Another Fine Gael minister said Ms Burton has "simply failed to deliver the reforms she promised", adding that this alleged failure was "sapping the Government of its authority".

"She has to make the cuts. It just wouldn't be fair to those working if she didn't. Where are the reforms?" the minister said.

But in return, Ms Burton has laid her political authority and that of Tanaiste Eamon Gilmore on the line and warned that there will be no cuts to child benefit in the next Budget. She had previously stated that she won't be able to meet the cuts target but is adamant that child benefit will not be cut.

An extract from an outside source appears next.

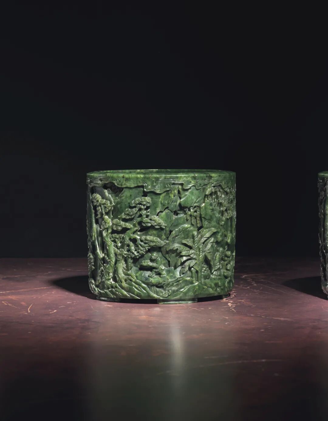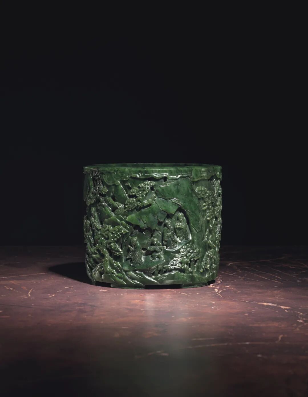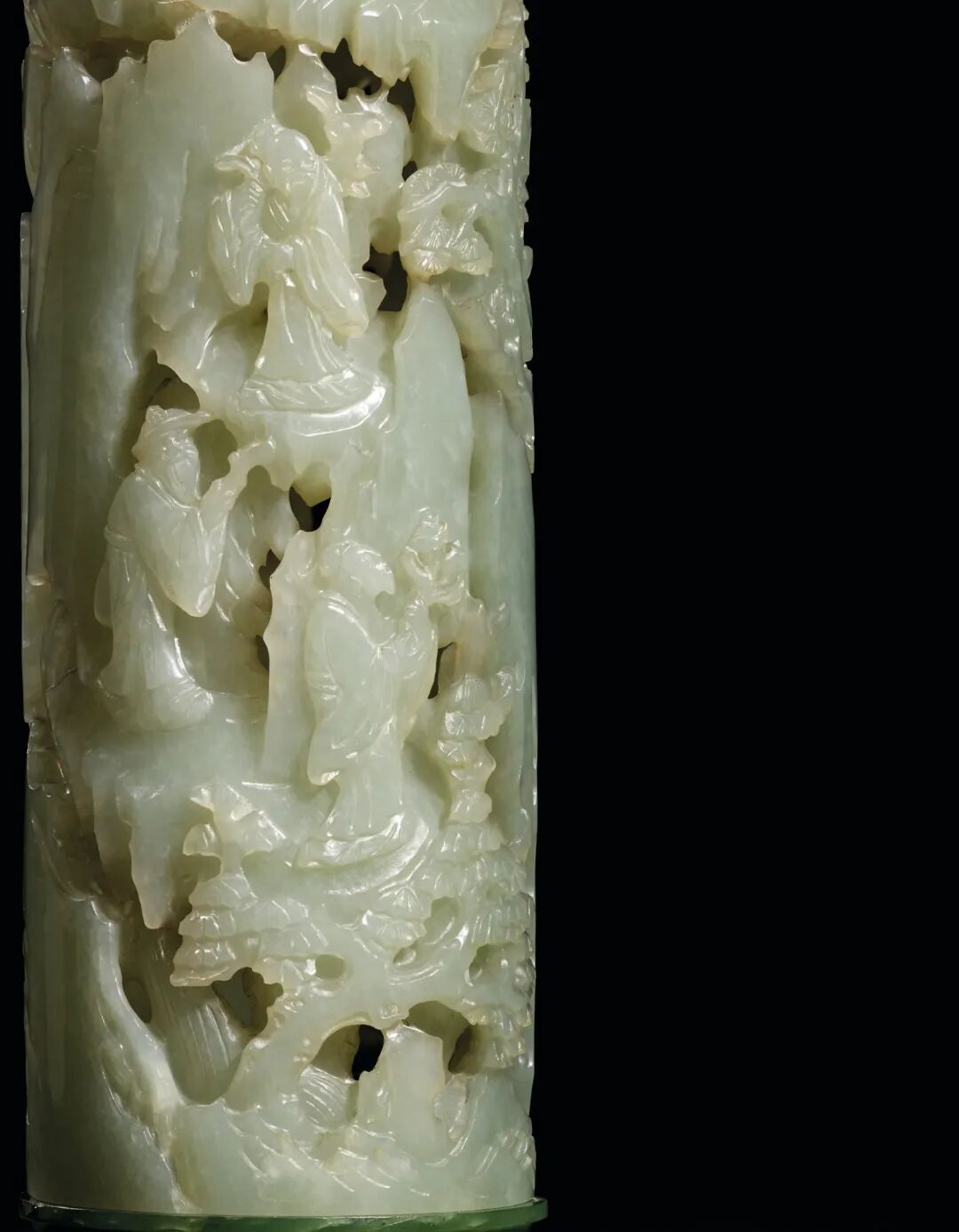 清乾隆 碧玉镂雕竹林七贤圖笔筒 成交价3500000港元

Acknowledging the pressure she is under from her coalition partners, Ms Burton said: "Do Fine Gael or the two Finance Departments have different views? Almost certainly."

Defending her intention to retain the benefit at its current level, Ms Burton said: "For families mired in mortgage debt, child benefit not only keeps them above the surface but is also the only payment they receive from the State."

Ms Burton's strong stance on retaining the benefit is supported by her Labour colleagues, who see it "as a red line issue". She has said she expects to secure the bulk of savings from "the taxation of social welfare benefits''.

It has also emerged that Finance Minister Michael Noonan's department is "targeting pensions and pensioners" as part of the €440m in cuts that Ms Burton is expected to deliver this year – but she is also hostile to that idea. She said: "I have been doing a lot of heavy lifting, three-and-a-half billion euro worth, the well is running dry."

She said: "Fine Gael is looking at everything but as to whether the Taoiseach is an enthusiast for cuts to pensions, I have my doubts."

Within government, the main focus now is on the top-level discussions between Mr Noonan and Brendan Howlin on the breakdown of how the €3.1bn adjustment pencilled in for the Budget will be achieved. Fine Gael is insisting on a two-to-one split in favour of spending cuts while Labour is demanding a half-and-half approach.

The Sunday Independent has learned that officials within Mr Howlin's department are also adamant that the €440m target be met by Ms Burton, and are of the view that to achieve that target a cut in child benefit will be required.

It has also been established that the overall budgetary arithmetic being worked on with the Department of Public Expenditure and Reform at present is on the basis that the cuts target will be met, thus increasing the pressure on Ms Burton.

This position is likely to place a further strain on relations between Ms Burton and Mr Howlin.

But it can also be revealed that Mr Howlin's officials are also furious that the Department of Health is "already play acting" over the numbers with an increasing belief that another major overrun in Health Minister James Reilly's department is inevitable.